### Dataset records
========

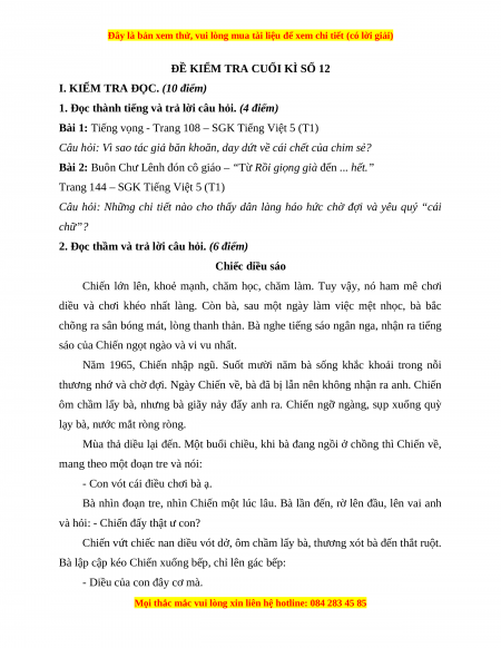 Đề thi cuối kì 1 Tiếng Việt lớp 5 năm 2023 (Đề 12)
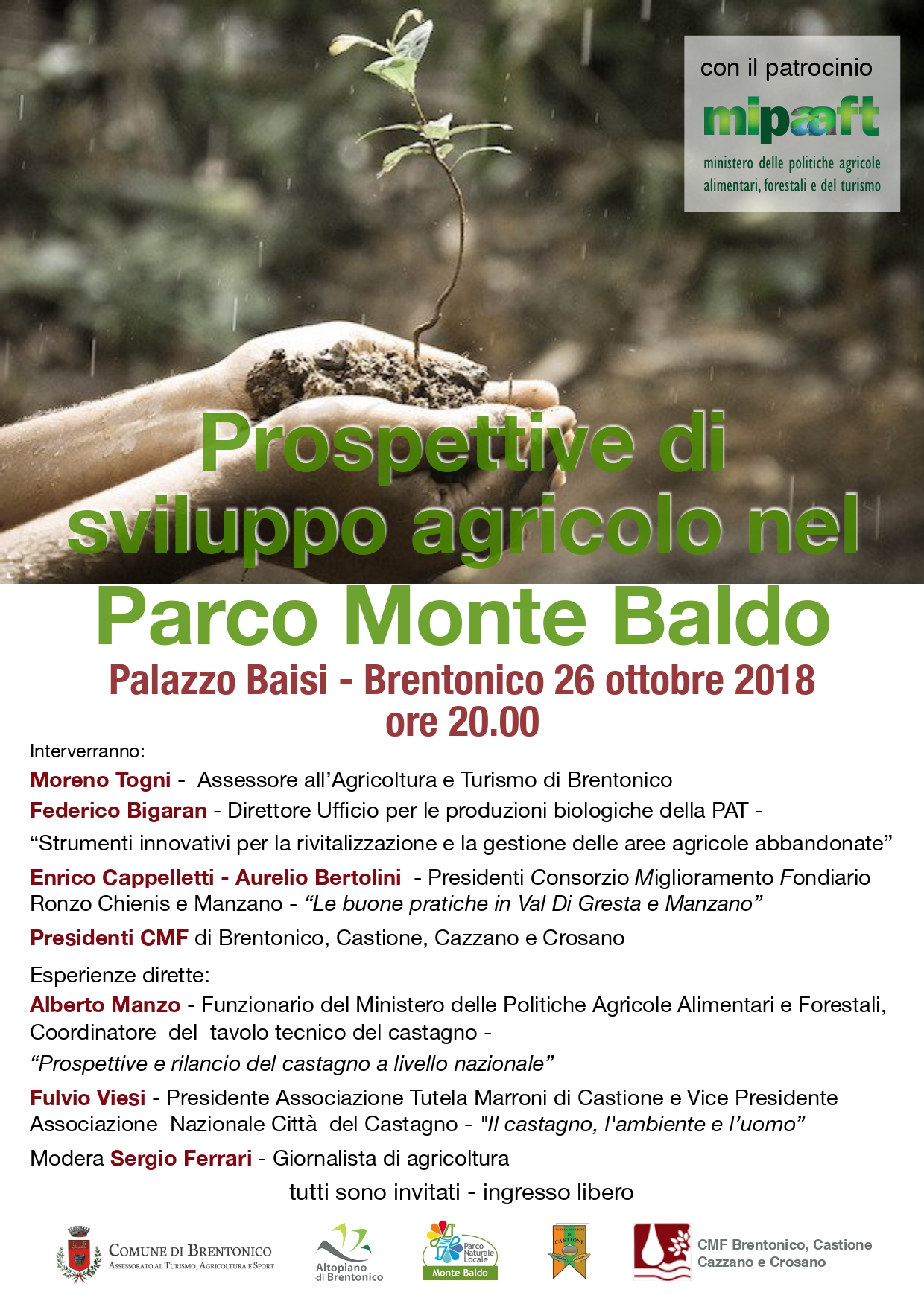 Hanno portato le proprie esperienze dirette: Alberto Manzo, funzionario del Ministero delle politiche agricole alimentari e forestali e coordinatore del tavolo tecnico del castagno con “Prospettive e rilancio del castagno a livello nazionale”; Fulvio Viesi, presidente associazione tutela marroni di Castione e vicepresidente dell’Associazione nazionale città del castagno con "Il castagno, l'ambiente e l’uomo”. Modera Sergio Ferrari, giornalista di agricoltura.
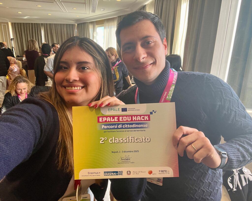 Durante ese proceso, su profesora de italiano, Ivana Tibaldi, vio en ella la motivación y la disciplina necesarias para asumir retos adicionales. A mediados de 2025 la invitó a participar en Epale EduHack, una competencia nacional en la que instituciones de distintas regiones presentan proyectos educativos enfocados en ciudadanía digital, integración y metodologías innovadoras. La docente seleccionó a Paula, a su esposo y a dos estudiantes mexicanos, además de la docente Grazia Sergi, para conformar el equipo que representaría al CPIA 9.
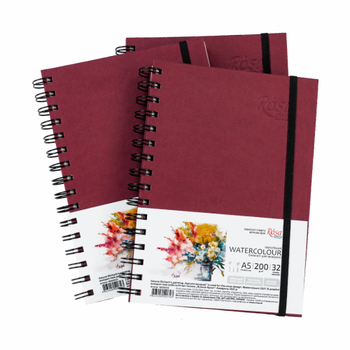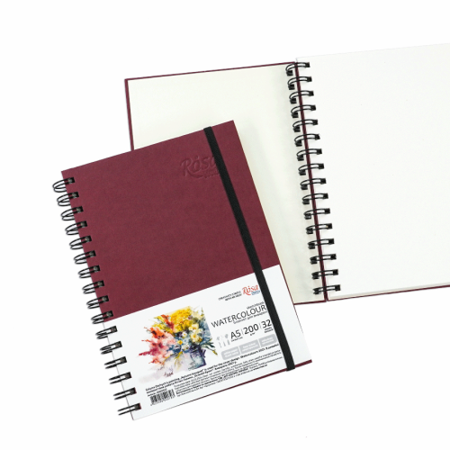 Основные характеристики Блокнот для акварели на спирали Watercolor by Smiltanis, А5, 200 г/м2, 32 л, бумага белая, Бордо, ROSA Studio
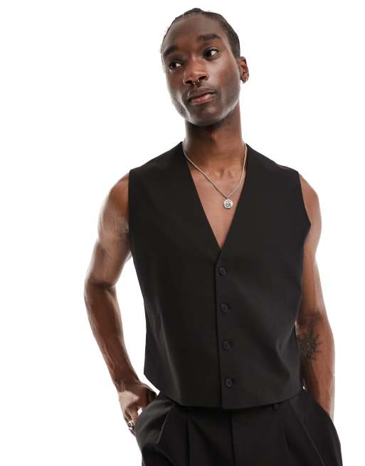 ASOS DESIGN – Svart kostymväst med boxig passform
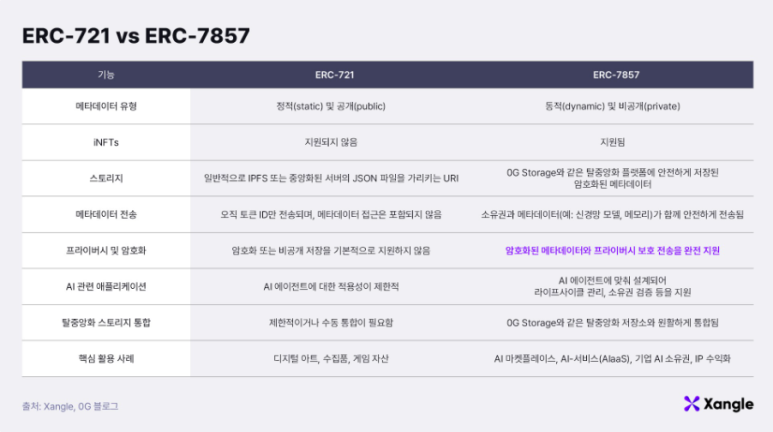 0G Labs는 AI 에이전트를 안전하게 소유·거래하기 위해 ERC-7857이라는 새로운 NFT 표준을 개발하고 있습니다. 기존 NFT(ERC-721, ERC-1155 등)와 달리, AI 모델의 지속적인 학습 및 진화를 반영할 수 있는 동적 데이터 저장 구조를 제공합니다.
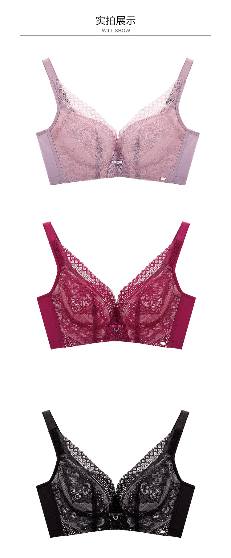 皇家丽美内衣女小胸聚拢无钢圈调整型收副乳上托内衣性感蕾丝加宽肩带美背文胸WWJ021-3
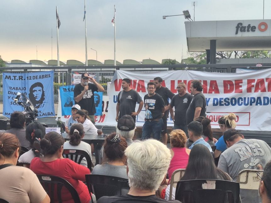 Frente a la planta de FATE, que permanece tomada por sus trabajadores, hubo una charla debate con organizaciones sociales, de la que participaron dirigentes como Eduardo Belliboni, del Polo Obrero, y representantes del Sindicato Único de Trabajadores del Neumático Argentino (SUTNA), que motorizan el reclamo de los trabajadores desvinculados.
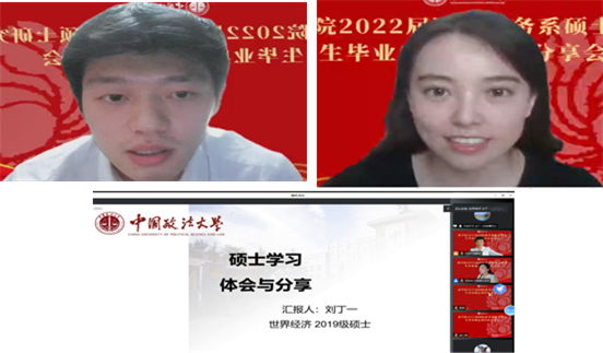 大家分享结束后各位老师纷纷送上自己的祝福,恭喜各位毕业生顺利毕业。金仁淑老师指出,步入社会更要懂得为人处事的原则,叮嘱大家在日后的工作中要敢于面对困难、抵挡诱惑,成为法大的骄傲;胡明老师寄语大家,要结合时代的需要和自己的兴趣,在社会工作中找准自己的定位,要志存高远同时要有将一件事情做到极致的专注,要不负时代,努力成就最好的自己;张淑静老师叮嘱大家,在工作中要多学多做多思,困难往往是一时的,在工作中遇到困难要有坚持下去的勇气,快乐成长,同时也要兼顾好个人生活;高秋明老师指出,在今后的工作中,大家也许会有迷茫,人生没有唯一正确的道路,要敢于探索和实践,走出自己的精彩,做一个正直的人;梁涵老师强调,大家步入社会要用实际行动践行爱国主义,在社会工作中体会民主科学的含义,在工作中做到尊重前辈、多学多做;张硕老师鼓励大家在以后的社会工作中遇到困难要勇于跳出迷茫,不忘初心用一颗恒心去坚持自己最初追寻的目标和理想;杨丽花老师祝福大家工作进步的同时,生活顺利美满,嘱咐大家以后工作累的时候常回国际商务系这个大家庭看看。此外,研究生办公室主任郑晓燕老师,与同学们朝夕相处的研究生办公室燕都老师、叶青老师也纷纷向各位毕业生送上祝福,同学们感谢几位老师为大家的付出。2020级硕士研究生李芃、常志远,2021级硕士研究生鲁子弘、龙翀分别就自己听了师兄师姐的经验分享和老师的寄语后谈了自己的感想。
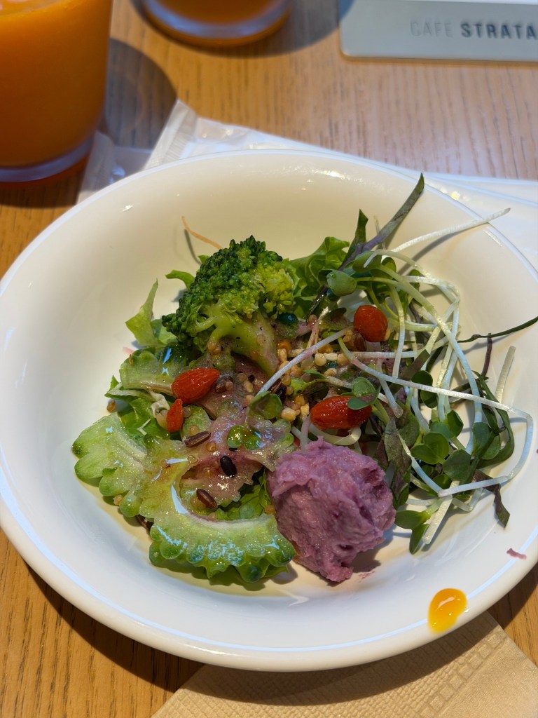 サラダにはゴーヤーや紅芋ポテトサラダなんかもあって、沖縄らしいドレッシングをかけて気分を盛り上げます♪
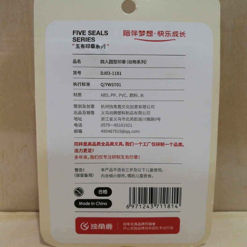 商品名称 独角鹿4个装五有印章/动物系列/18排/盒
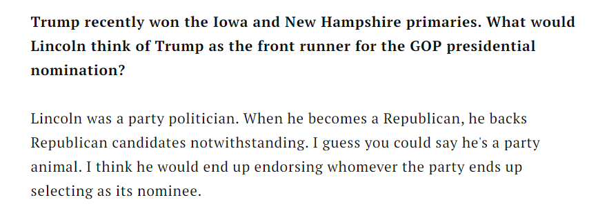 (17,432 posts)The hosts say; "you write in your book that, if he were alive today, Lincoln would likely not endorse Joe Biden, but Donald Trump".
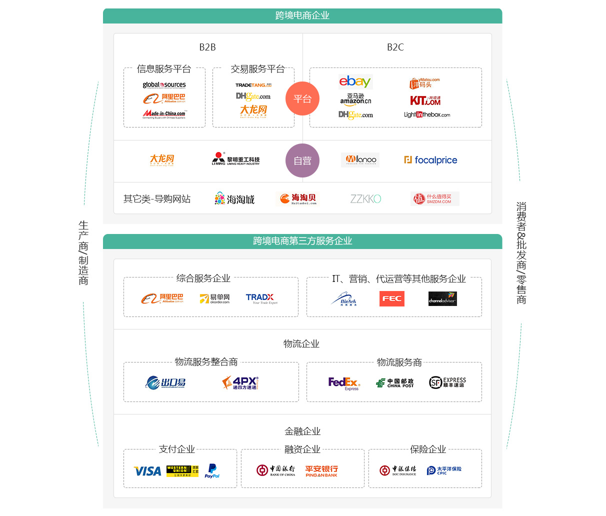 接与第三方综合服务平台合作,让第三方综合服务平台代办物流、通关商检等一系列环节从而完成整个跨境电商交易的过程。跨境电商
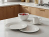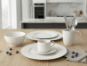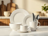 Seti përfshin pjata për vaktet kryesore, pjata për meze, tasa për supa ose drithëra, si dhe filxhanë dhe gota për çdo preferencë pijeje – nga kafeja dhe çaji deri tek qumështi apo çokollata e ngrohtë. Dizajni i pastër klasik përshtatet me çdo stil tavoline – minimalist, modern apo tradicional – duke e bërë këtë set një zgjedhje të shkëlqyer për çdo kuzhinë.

========

### Task objective
For the data above, set down exactly the lines from the line with "0G Labs는 AI" to the line with "Frente a la", both included, leaving pictures out.

### Response box
 0G Labs는 AI 에이전트를 안전하게 소유·거래하기 위해 ERC-7857이라는 새로운 NFT 표준을 개발하고 있습니다. 기존 NFT(ERC-721, ERC-1155 등)와 달리, AI 모델의 지속적인 학습 및 진화를 반영할 수 있는 동적 데이터 저장 구조를 제공합니다.
 皇家丽美内衣女小胸聚拢无钢圈调整型收副乳上托内衣性感蕾丝加宽肩带美背文胸WWJ021-3
 Frente a la planta de FATE, que permanece tomada por sus trabajadores, hubo una charla debate con organizaciones sociales, de la que participaron dirigentes como Eduardo Belliboni, del Polo Obrero, y representantes del Sindicato Único de Trabajadores del Neumático Argentino (SUTNA), que motorizan el reclamo de los trabajadores desvinculados.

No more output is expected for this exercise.